◆ **Task instructions**: Skip the pictures and repeat each line of the data exactly.

◆ **Data provided**:

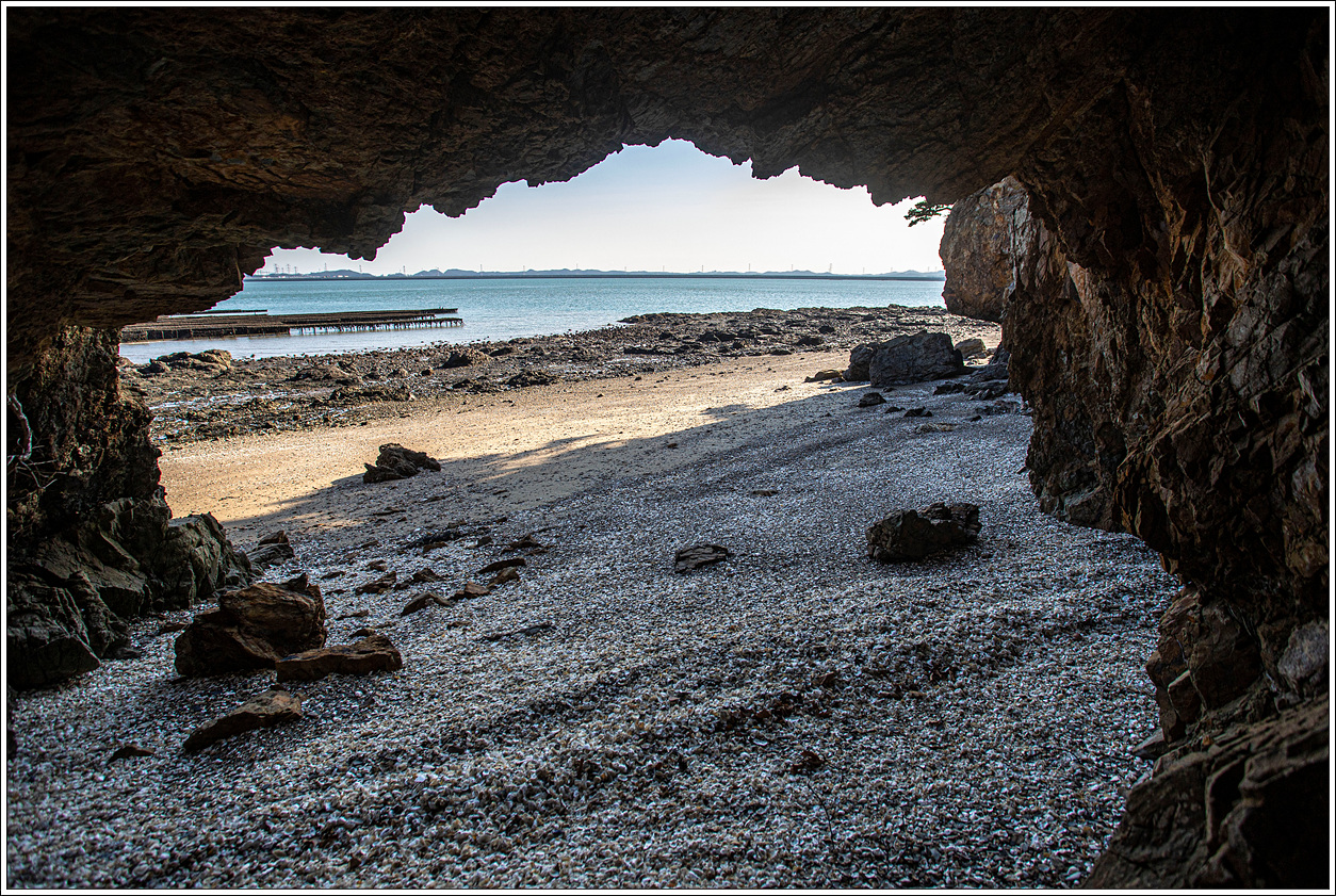 ▽ 해변에 깍인 바위가 한여름 때양볕 그늘막이 되어 줄 것도 같고 소낙비도 피할만 하게 지붕을 이뤘다.
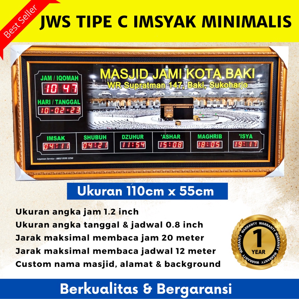 Jam Masjid Jadwal Sholat Digital Tipe C Imsyak Ukrn 110 cm x 55 cm Bisa request nama masjid & Gambar
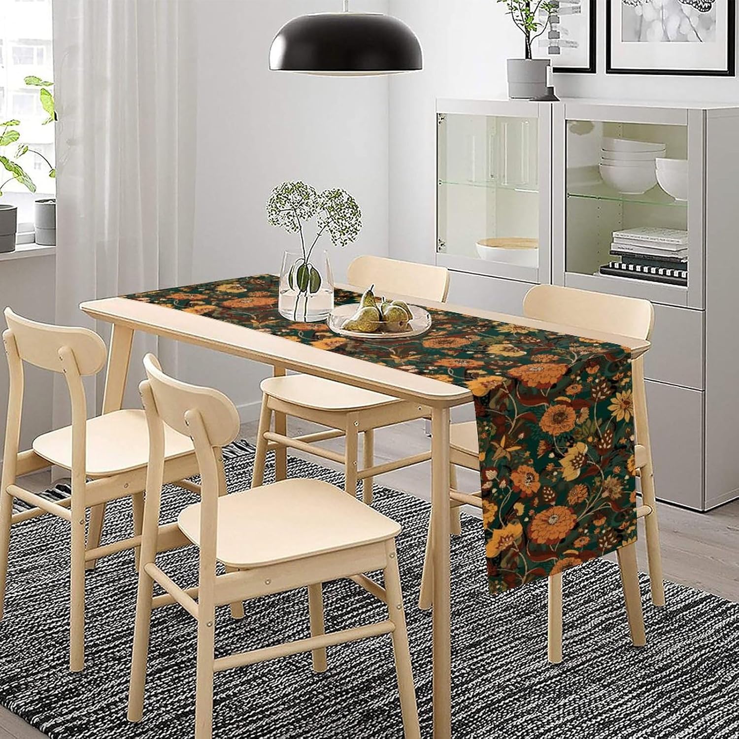 Orange Boho Floral Table Runner, Vintage Bohemian Home Kitchen Table Decoration for Birthday Party Picnic Decoration 13x70 Inch 1PCS
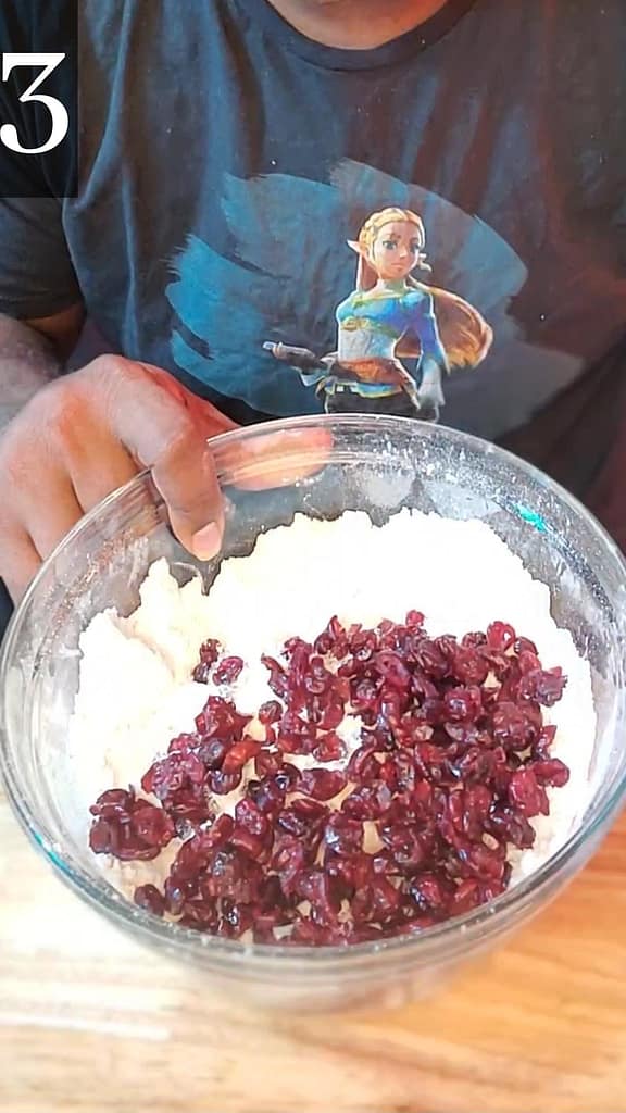 3. Add the dried cranberries.

◆ **Exercise response**:
 ▽ 해변에 깍인 바위가 한여름 때양볕 그늘막이 되어 줄 것도 같고 소낙비도 피할만 하게 지붕을 이뤘다.
 Jam Masjid Jadwal Sholat Digital Tipe C Imsyak Ukrn 110 cm x 55 cm Bisa request nama masjid & Gambar
 Orange Boho Floral Table Runner, Vintage Bohemian Home Kitchen Table Decoration for Birthday Party Picnic Decoration 13x70 Inch 1PCS
 3. Add the dried cranberries.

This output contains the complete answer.